(SOUNDBITE OF ARCHIVED RECORDING)
UNIDENTIFIED PERSON: On this vote, the yeas are 234, the nays are 175.
(GAVEL RAPPING ON PODIUM)
DAVID GREENE, HOST:
That's the sound of lawmakers yesterday voting to end an Obama-era action dealing with auto loans. This was guidance drafted in 2013 by the Consumer Financial Protection Bureau, and it was meant to protect people of color from being discriminated against when they apply for car loans. Republicans felt this guidance was illegal. They thought it placed a burden on banks and other lenders. And Republicans said it was unnecessary because current law protects people already. Now, Debbie Goldstein from the Center for Responsible Lending said it was very much needed. She pointed to a National Fair Housing Alliance study of lending discrimination.
DEBBIE GOLDSTEIN: They sent in white and nonwhite paired testers to the same auto dealership and found nonwhite borrowers ended up paying on average $2,500 more than a white borrower over the life of their car loan. And, of course, a car is a really vital tool for most families. It's how you get to work. So it's something that you really need, but that you might be paying for more just because of the color of your skin and the arrangement you got for your financing.
GREENE: Now, Congressman Jeb Hensarling, the Texas Republican who chairs the House Financial Services Committee, saw this study but was not convinced.
JEB HENSARLING: Yeah. I looked at those findings. Did you know that was based on a universe of two people?

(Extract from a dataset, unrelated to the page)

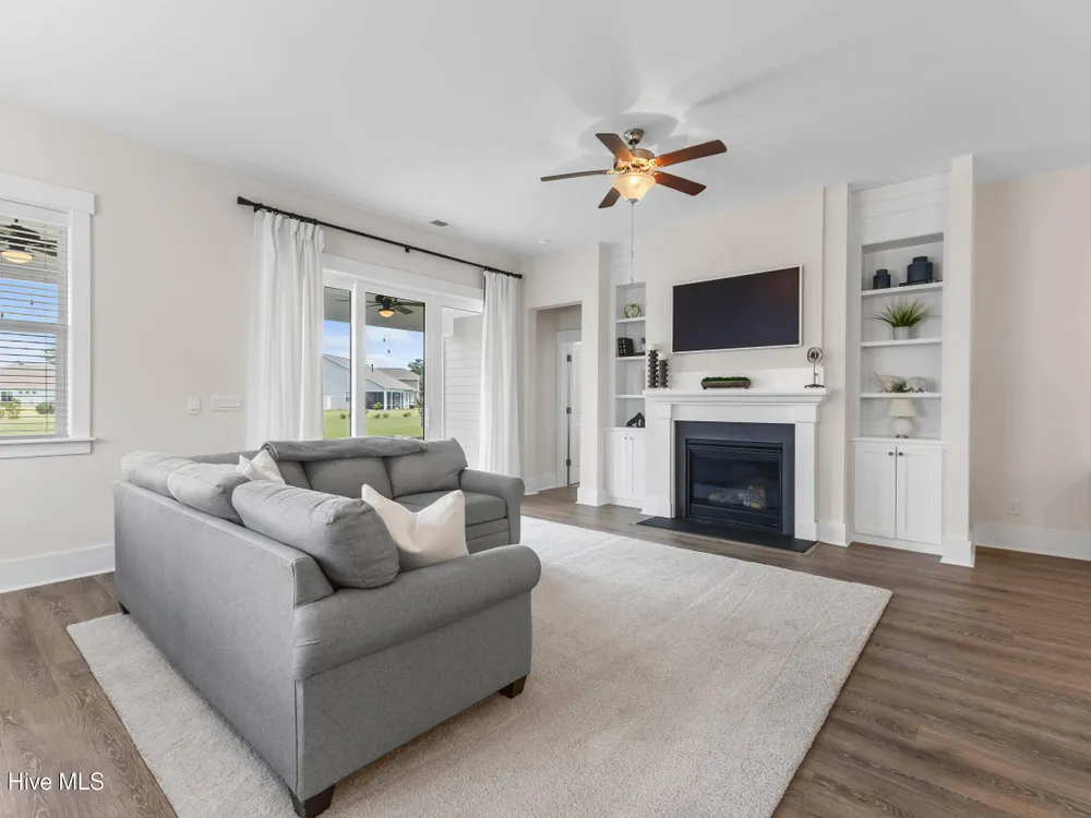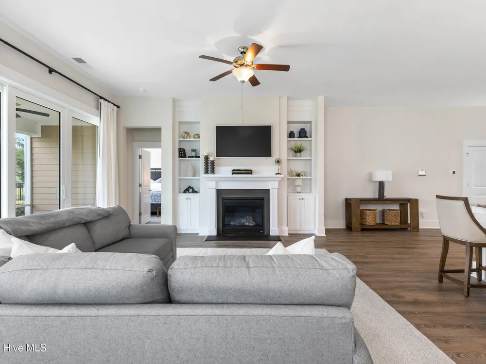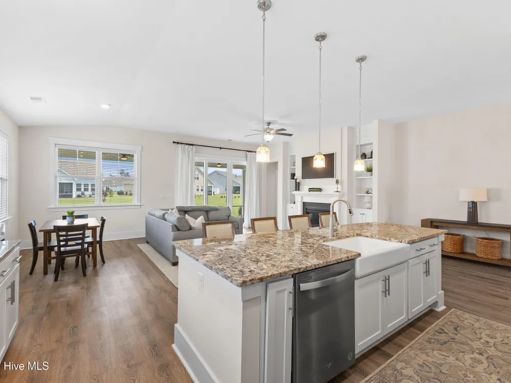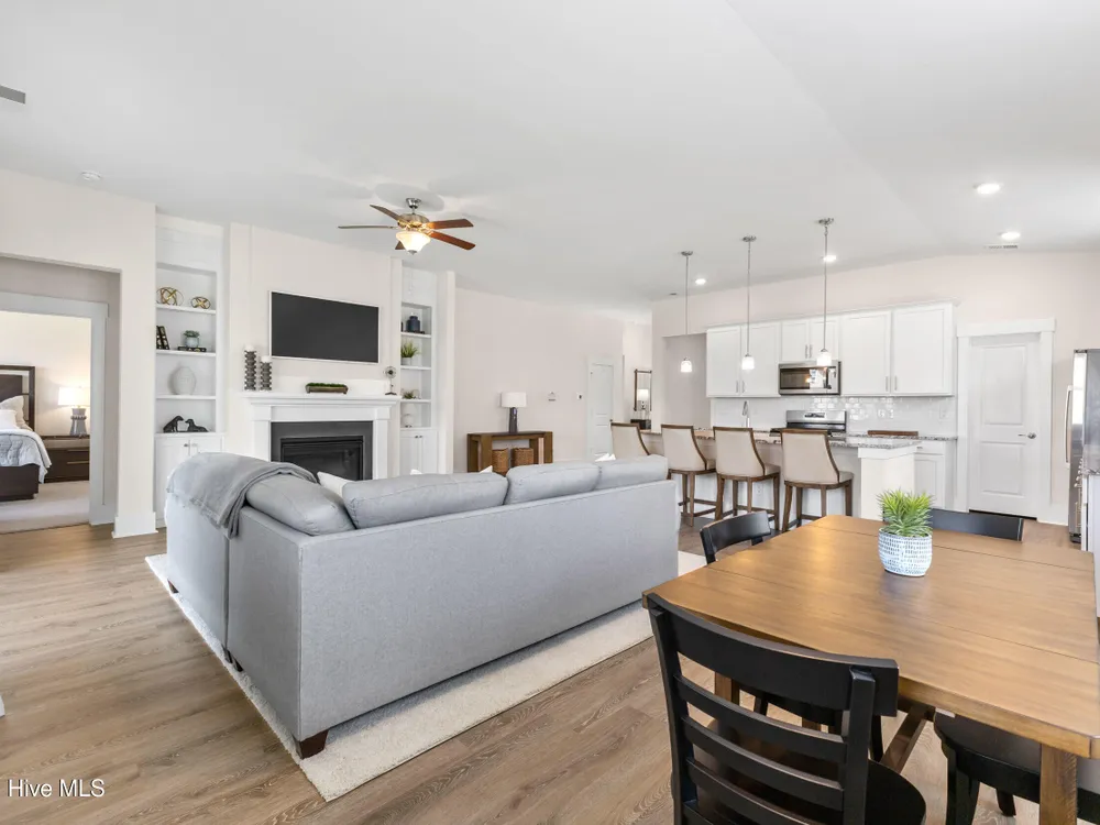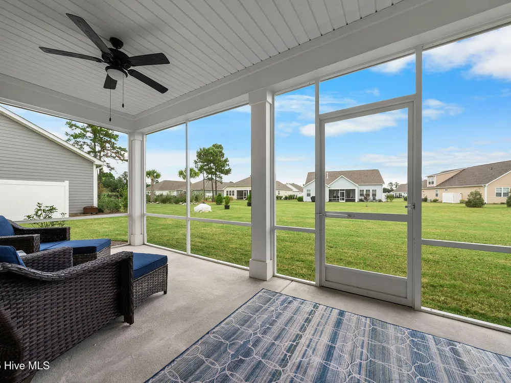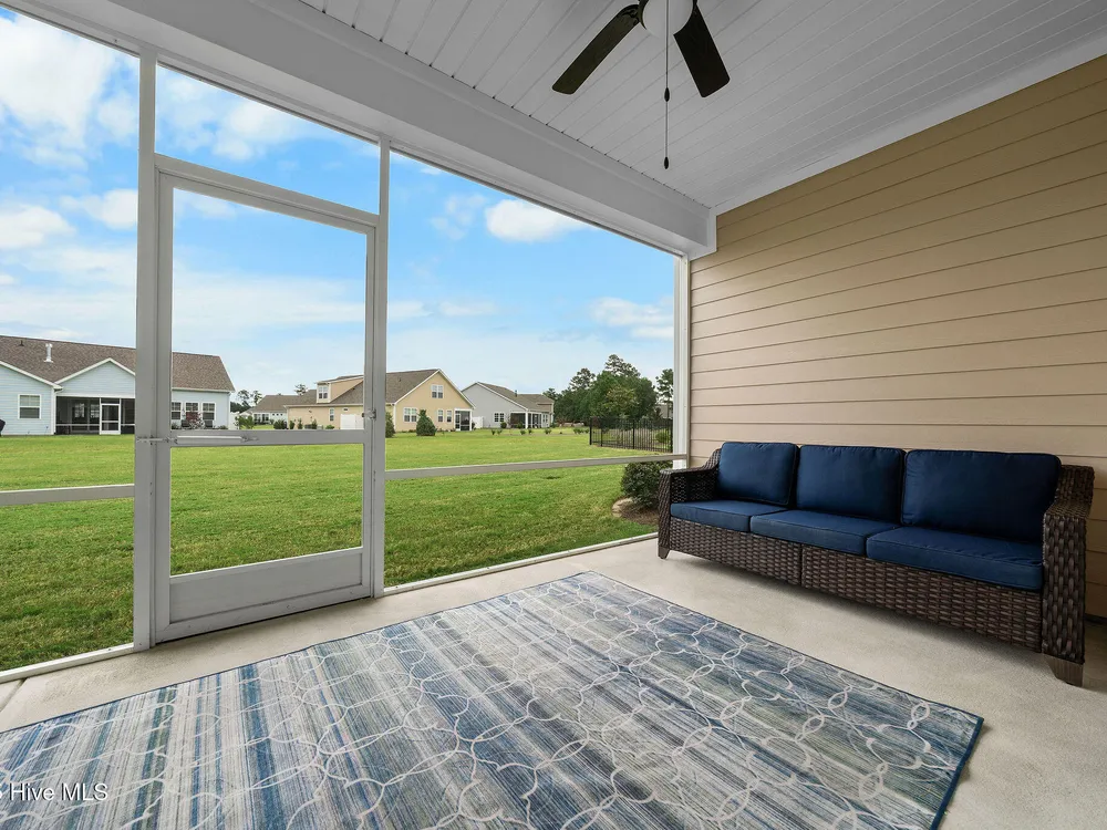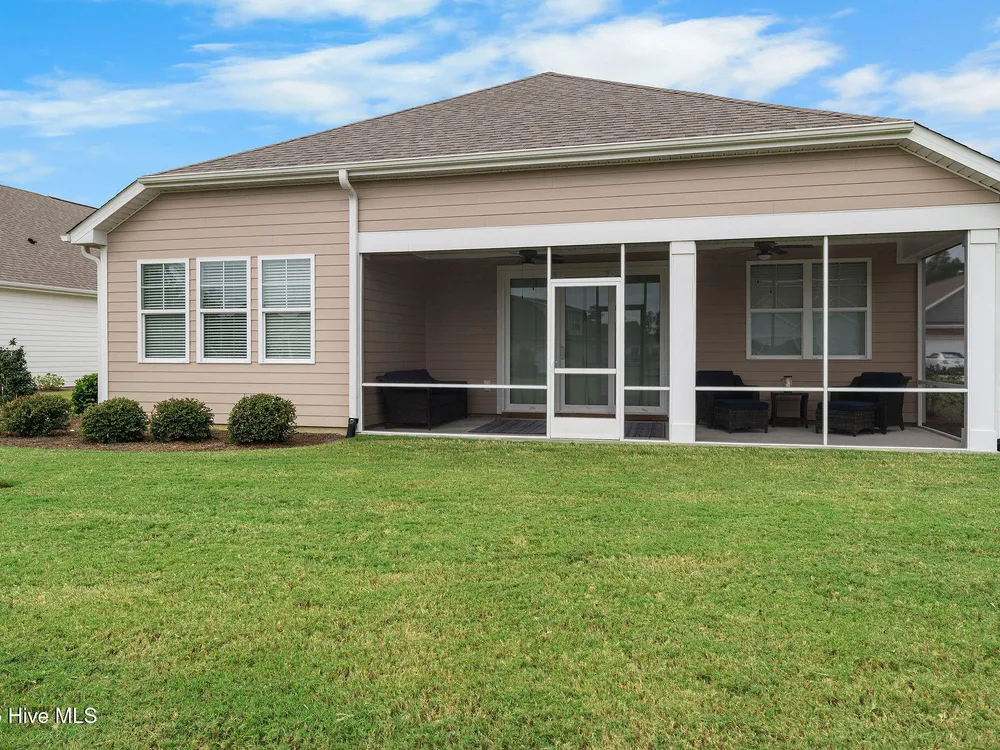 Located in the sought-after Heron Pointe neighborhood of Brunswick Forest--where lawn care is included in the HOA--this 3-bedroom, 2-bathroom home offers 1,764 square feet of thoughtfully designed living space. The open-concept layout features soaring ceilings in the main living area, custom built-ins surround a cozy gas fireplace, and a spacious kitchen with an oversized island, expansive countertops, gas range, pantry, and recessed lighting--ideal for both entertaining and everyday living.The primary suite includes a tray ceiling with ceiling fan, a walk-in closet with custom organizer, and a beautifully appointed en suite with a soaking tub and a walk-in shower with tile surround and framed glass enclosure. Blinds are installed throughout for added privacy, while the front secondary bedroom offers a vaulted ceiling and custom window shade. The other secondary bedroom--perfect as a home office--features a direct fiber internet line for high-speed connectivity.Additional highlights include a dedicated drop zone, separate laundry room, tankless water heater, and a large screened porch with two ceiling fans for year-round outdoor living. Enjoy a low-maintenance lifestyle in a vibrant community just minutes from downtown Wilmington and area beaches. Brunswick Forest offers unmatched amenities including fitness centers, indoor and outdoor pools, golf, pickleball, kayak launch, walking and biking trails, and active social hubs--delivering an exceptional coastal lifestyle.

So this is, at best, junk science. But also, the Bureau's rule predated this study. So the rule was not even based upon the faulty study. And so it is frankly unfair, it is unjust and it never should have happened in the first place.
GREENE: So you dispute the notion that discrimination exists in the lending process?

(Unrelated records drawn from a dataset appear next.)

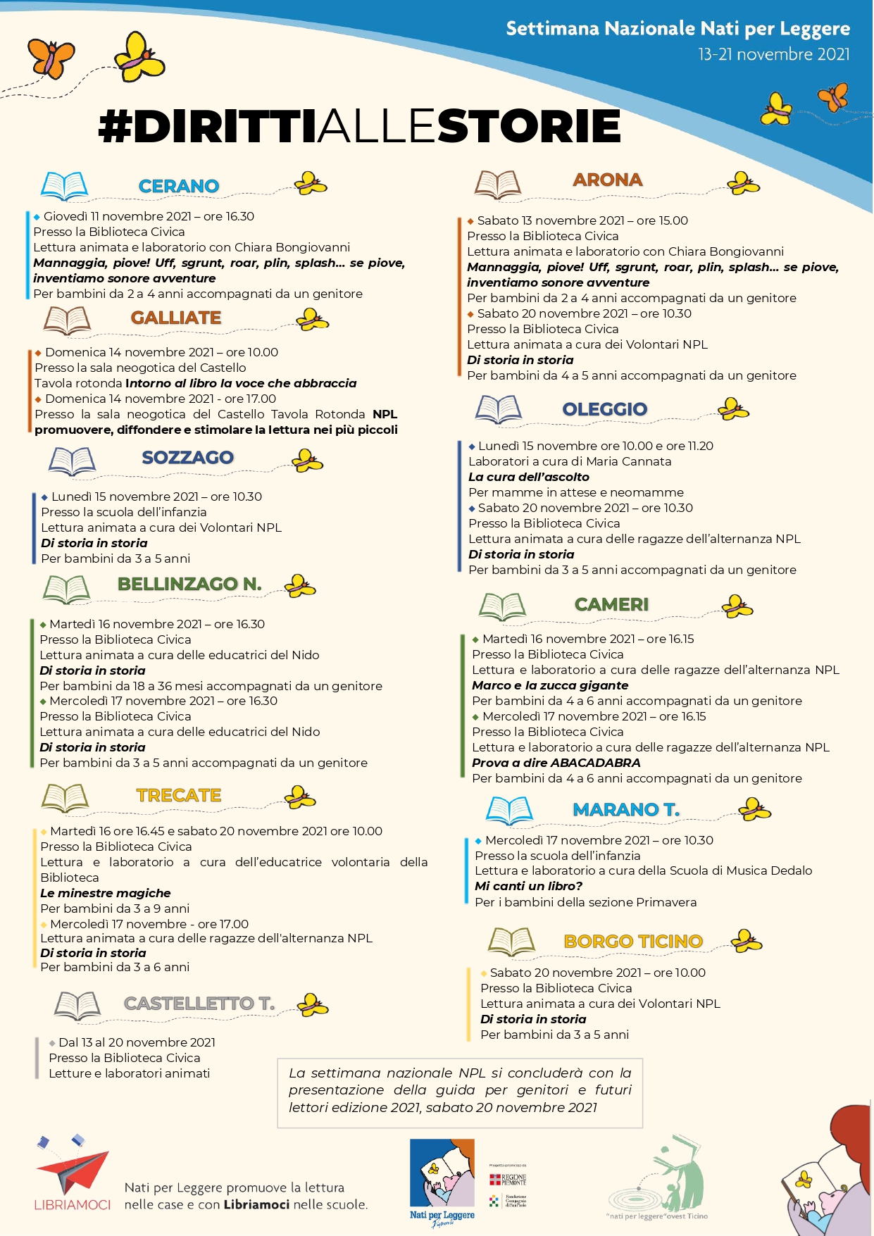Da oggi iniziano gli eventi dedicati alla “Settimana Nazionale Nati per Leggere” (13 - 20 novembre 2021). Anche il nostro Comune fa parte del Coordinamento NpL Piemonte Ovest Ticino e con grande entusiasmo abbiamo aderito all’iniziativa proposta: un calendario ricco di appuntamenti per tutelare e promuovere il diritto alle storie delle bambine e dei bambini.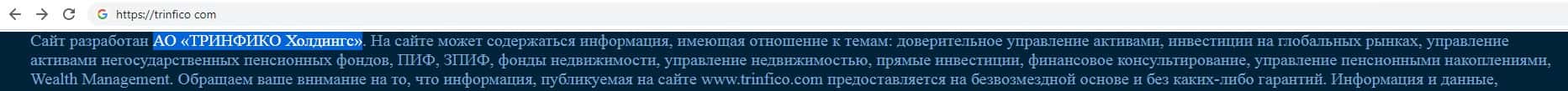 - Обзор главной страницы жульнической организации Trinfico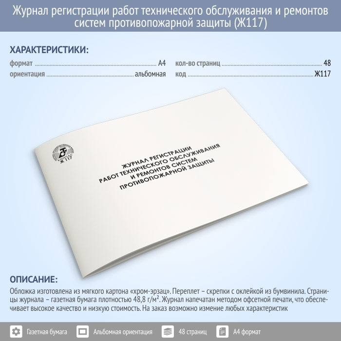 Журнал регистрации работ технического обслуживания и ремонтов систем противопожарной защиты (48 стр., Ж117) в Улан-Удэ купить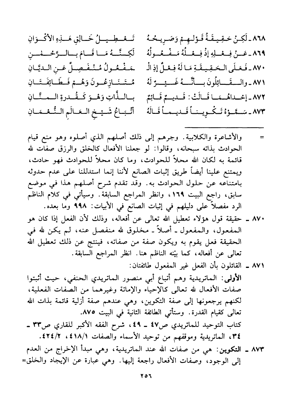 الأولى: الماتريدية وهم أتباع أبي منصور الماتريدي الحنفي، حيث أثبتوا صفات الأفعال لله تعالى كالإحياء والإماتة وغيرهما من الصفات الفعلية، لكنهم يرجعونها إلى صفة التكوين، وهي عندهم صفة أزلية قائمة بذات الله تعالى كقيام القدرة. وستأتي الطائفة الثانية في البيت ٨٧٥.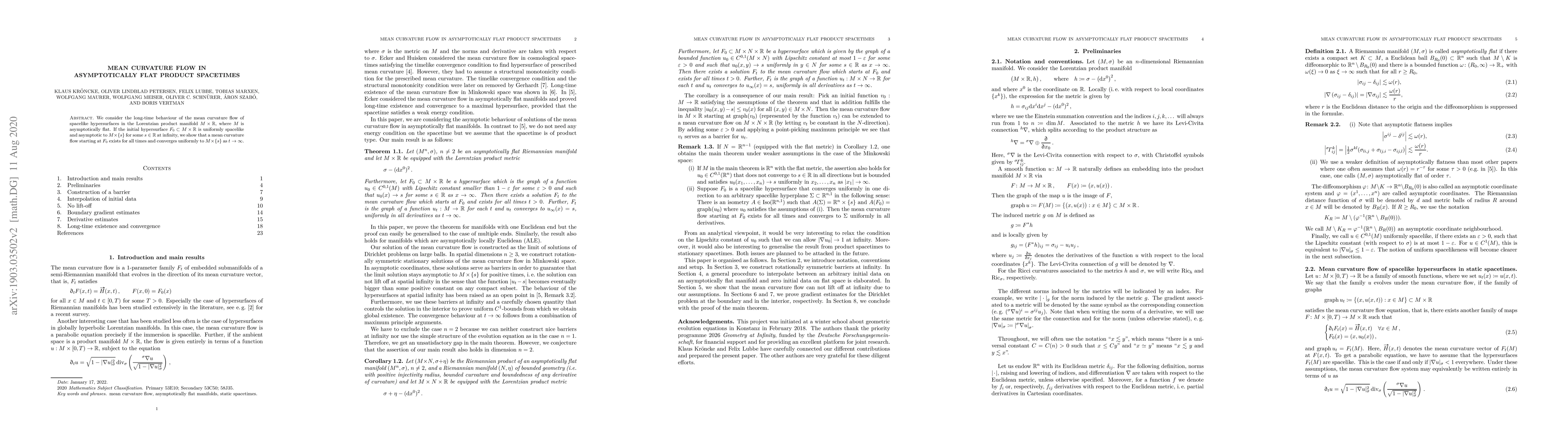 We consider the long-time behaviour of the mean curvature flow of spacelike hypersurfaces in the Lorentzian product manifold $M\times\mathbb{R}$, where $M$ is asymptotically flat. If the initial hypersurface $F_0\subset M\times\mathbb{R}$ is uniformly spacelike and asymptotic to $M\times\left\{s\right\}$ for some $s\in\mathbb{R}$ at infinity, we show that a mean curvature flow starting at $F_0$ exists for all times and converges uniformly to $M\times\left\{s\right\}$ as $t\to \infty$.

HENSARLING: No. I didn't say that.
GREENE: OK.
HENSARLING: I said it's very serious, and it needs to be proven.
GREENE: But let me just - I do want to mention that there was a Vanderbilt University study, as well, from 2006 that suggested there was discrimination in this process. But I mean, you clearly don't - you've not seen enough evidence yet to convince you that this is a problem.
HENSARLING: Well, what I believe is that it is actionable. But if you look at the internal documents of the Bureau, they knew their evidence was shaky, and they were trying to press the envelope and they hurt consumers by doing so.
GREENE: Hurt consumers. Yeah. One of the Republican arguments here is that this guidance from the Obama administration made lenders afraid to offer discounts to anyone, regardless of race. And I asked Debbie Goldstein about that.
GOLDSTEIN: It's not clear they are offering discounts to people of color. It seems like they're offering discounts in a biased way to white borrowers. And I think here government policy should be aimed at rooting out discrimination, first and foremost.
GREENE: What do you tell a member of Congress who has voted or is voting to scrap these rules, and they say they clearly are not effective in terms of reducing this discrimination, they're an extra burden on lenders so let's scrap these and find a better way to enforce the law that's already there?
GOLDSTEIN: I think that the message that Congress is sending when they overturn the guidance is that they don't think discrimination is a problem and that the auto lending industry should be permitted to do what it wants.
GREENE: Republican Congressman Jeb Hensarling said that's not the message at all. He says he takes charges of discrimination very seriously but that what he sees as government overreach is not the answer.
HENSARLING: Where you have a specific dealer, a specific auto dealer engaged in reprehensible, racist, illegal, unlawful conduct, that needs to be brought to the attention of the proper authorities. But don't just willy-nilly make the accusation against an entire industry. That's outrageous.